For devoted pasta lovers on a trip to Italy, there’s one town that should be on your must-see list. Sure, Rome is home to beloved pasta dishes like carbonara and amatriciana. And Naples has a huge concentration of pasta factories, including on the tiny street where Giada’s great-grandfather once made his own pasta. But only one place is known as “the Capital of Pasta”: Fara San Martino.
This tiny town (population 1,300) in the central region of Abruzzo sits at the foot of the Majella mountains, a stunning snow-capped range in the Apennines that is a protected national park. A Roman settlement some 2,000 years ago, the town’s modern origins lie with the Benedictine monks who built the monastery of San Martino in Valle here in the 10th century. While much of it was lost during the bombings of World War II, the town’s Via Terra Vecchia (“ancient land”) still shows the distinctive stone architecture of centuries gone by. Most importantly for the pasta, the town sits on the banks of the Verde River, which carries pristine mountain spring water down to the Adriatic Sea. It was to make use of that precious water that pasta makers first set up shop here in the late 19th century. With a close proximity to durum wheat farmers in the nearby plains and the best water in Italy, these intrepid pasta makers had everything they needed to produce some of the purest, most delicious pasta in the country.

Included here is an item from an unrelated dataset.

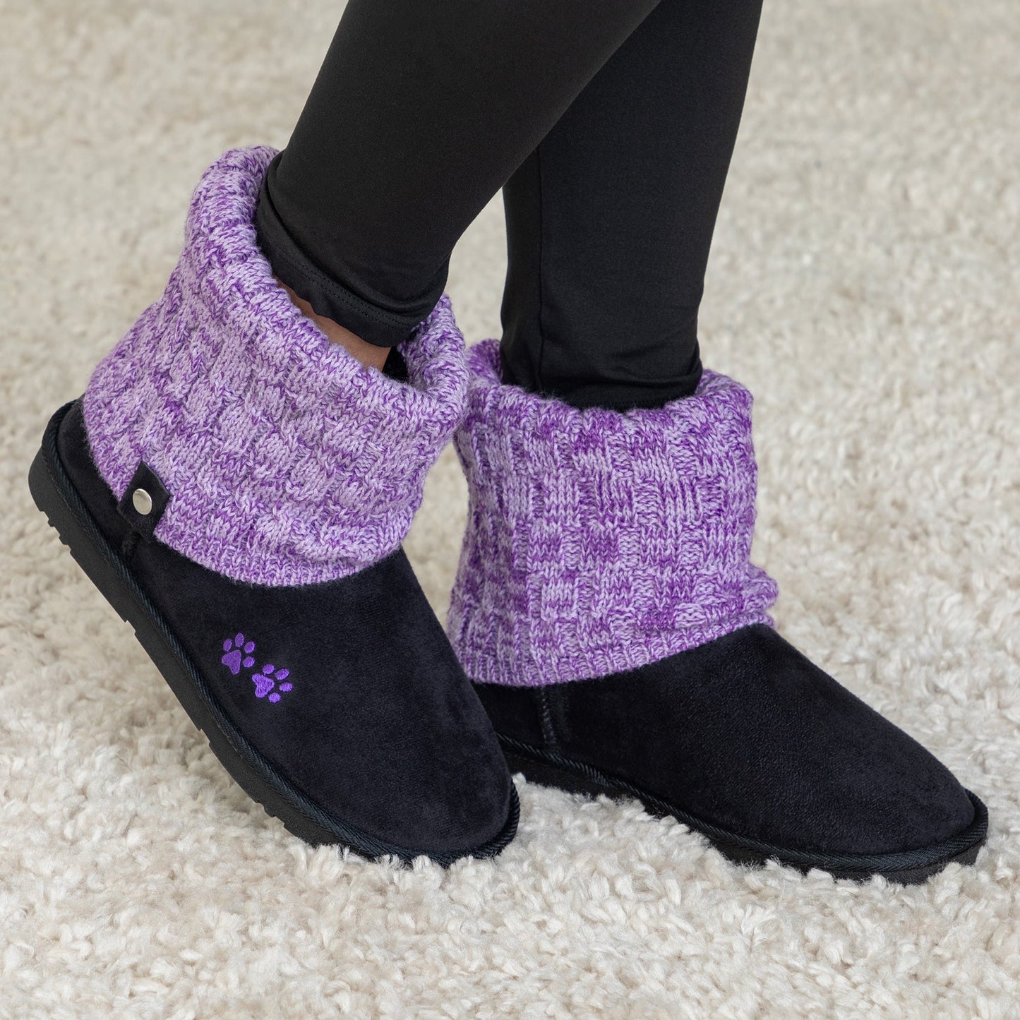 These mid rise knit boots are as cute as they are cozy! A microfiber upper surrounds your feet with a warm faux fur lining the inside, topped off with a knit outer layer with a tiny snap at the bottom. A pair of embroidered paws on the foot of the boot displays the cause that is near and dear to your heart.
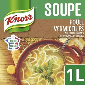 Saveurs d'Antan is a range of recipes from Knorr chefs created using all the know-how of Yesteryear. Prepared with simple and tasty ingredients, they are gently simmered to reveal all their flavor. Let yourself be tempted by the delicious taste of this chicken broth with vermicelli, decorated with pieces of poultry and small tender vegetables to warm you up. This Knorr soup is cooked with vegetables from sustainable agriculture. Quick and easy to prepare, this Knorr Saveurs d'Antan soup is perfect for enjoying a healthy and delicious meal when you're short on time. Shake, pour, reheat in a pan or microwave and enjoy its comforting softness and warmth. No need to add salt. This 1 L format allows you to make 4 generous bowls of soup. Discover the other Knorr soups (velouté, mouliné, soup and dehydrated soup), delicious recipes that bring you warmth and comfort. The best possible quality is our philosophy when it comes to food. Since Knorr was founded by Carl Heinrich Knorr in Germany in 1838, all our efforts have been aimed at creating original recipes and tasty dishes. Our story is made up of thousands of little stories of passionate farmers, purveyors and chefs trying to make the world a better, tastier place. At Knorr, we believe that responsible use of agricultural resources helps provide you with quality soups. This is why we choose vegetables from sustainable agriculture and grown in open fields to prepare our delicious soups for you. In addition, our packaging is FSC certified and 100 recyclable. This is an approach that is good for the planet and which, we are certain, influences the taste and flavors of each dish you cook. Whatever your desires, Knorr supports you every day. INGREDIENTS OUR RECIPE Ingredients: water, cooked vermicelli: 12 (durum WHEAT semolina, EGG white), chicken meat: 3 , carrot¹: 1.4 , onion¹: 1.4 , CELERY RAB¹: 1 , modified corn starch, leek¹: 0.9 , chicken fat: 0.7 , flavors, corn starch potato, salt, spices and herbs (chervil¹, parsley¹: 0.03 , pepper, turmeric¹), concentrated carrot juice: 0.02 , concentrated lemon juice. May contain: other cereals containing gluten, milk, mustard, soy. ¹Ingredients from sustainable agriculture: 4.8 . DIRECTIONS FOR USE PREPARATION TIPS: 1. SHAKE 2. POUR IN POT OR MICROWAVE: 3. REHEAT WITHOUT BOILING 4. ENJOY NO NEED TO SALT. DISCLAIMER Non-contractual photography. The above indications are given for information purposes. They are not necessarily exhaustive and cannot replace the information appearing on the product packaging which alone is authentic, and to which you are invited to refer, particularly in the event of food intolerance. Discover other Knorr soups, delicious recipes that bring you warmth and comfort. Liquid Soup Saveurs d'Antan is prepared without flavor enhancers, colorings², or preservatives, in compliance with regulations. Quick to prepare, this soup is perfect for sharing a delicious meal when you're short on time. Simply shake, pour, heat in a saucepan or microwave, and enjoy this vegetable soup! No need to add salt. The perfect soup to warm you up. Knorr chefs offer you the savory taste of chicken broth with vermicelli noodles, enhanced with pieces of poultry and tender vegetables. The perfect soup to warm you up. Saveurs d'Antan est une gamme de recettes des chefs Knorr élaborées à partir de tout le savoir-faire d'Antan. Préparées avec des ingrédients simples et savoureux, elles ont doucement mijoté afin de révéler toute leur saveur. Laissez-vous tenter par le goût savoureux de ce bouillon de poule aux vermicelles, agrémenté de morceaux de volaille et de petits légumes fondants pour vous réchauffer. Cette soupe Knorr est cuisinée avec des légumes issus de l'agriculture durable. Rapide et facile à préparer, cette soupe Knorr Saveurs d'Antan est parfaite pour profiter d'un repas sain et délicieux lorsque vous manquez de temps. Secouez, versez, réchauffez à la casserole ou au micro-ondes et profitez de sa douceur et de sa chaleur réconfortante. Inutile de saler. Ce format 1 L vous permet de réaliser 4 généreux bols de soupe. Découvrez les autres soupes Knorr (velouté, mouliné, potage et soupe déshydratée), des délicieuses recettes qui vous apportent chaleur et réconfort. La meilleure qualité possible, telle est notre philosophie en matière d'alimentation. Depuis la création de Knorr par Carl Heinrich Knorr en Allemagne en 1838, tous nos efforts visent à créer des recettes originales et des plats savoureux. Notre histoire est faite de milliers de petites anecdotes d'agriculteurs, de fournisseurs et de chefs passionnés qui tentent de rendre le monde meilleur et plus savoureux. Chez Knorr, nous sommes convaincus qu'une utilisation responsable des ressources agricoles contribue à vous offrir des soupes de qualité. C'est pourquoi, nous faisons le choix de légumes issus de l'agriculture durable et cultivés en plein champs pour vous préparer nos délicieuses soupes. De plus, nos emballages sont certifiés FSC et 100 recyclables. Il s'agit là d'une approche favorable pour la planète et qui, nous en sommes certains, influence le goût et les saveurs de chaque plat que vous mijotez. Quelles que soient vos envies, Knorr vous accompagne au quotidien. INGRÉDIENTS NOTRE RECETTE Ingrédients : eau, vermicelle cuit : 12 (semoule de BLÉ dur, blanc d'ŒUF), viande de poule : 3 , carotte¹ : 1,4 , oignon¹ : 1,4 , CÉLERI-RAVE¹ : 1 , amidon modifié de maïs, poireau¹ : 0,9 , graisse de poule : 0,7 , arômes, amidon de pomme de terre, sel, épices et aromates (cerfeuil¹, persil¹ : 0,03 , poivre, curcuma¹), jus de carotte concentré : 0,02 , jus de citron concentré. Peut contenir : autres céréales contenant du gluten, lait, moutarde, soja. ¹Ingrédients issus de l'agriculture durable : 4,8 . MODE D'EMPLOI CONSEILS DE PRÉPARATION : 1. SECOUEZ 2. VERSEZ CASSEROLE OU MICRO-ONDES : 3. RÉCHAUFFEZ SANS PORTER À ÉBULLITION 4. DÉGUSTEZ INUTILE DE SALER. CLAUSE D

Today, the town is home to four major pasta companies, the most notable of which is De Cecco, which you’ll probably recognize in your local grocery store. Pasta is Fara San Martino’s main industry, and it’s one that locals take very seriously. Every August, in fact, the town throws a two-day festival, the Sagra Della Pasta De Cecco, to celebrate all things pasta. Stop by the central piazza to taste their famous pastas, including Abruzzo’s regional favorite shape spaghetti chitarra, as well as other local delicacies.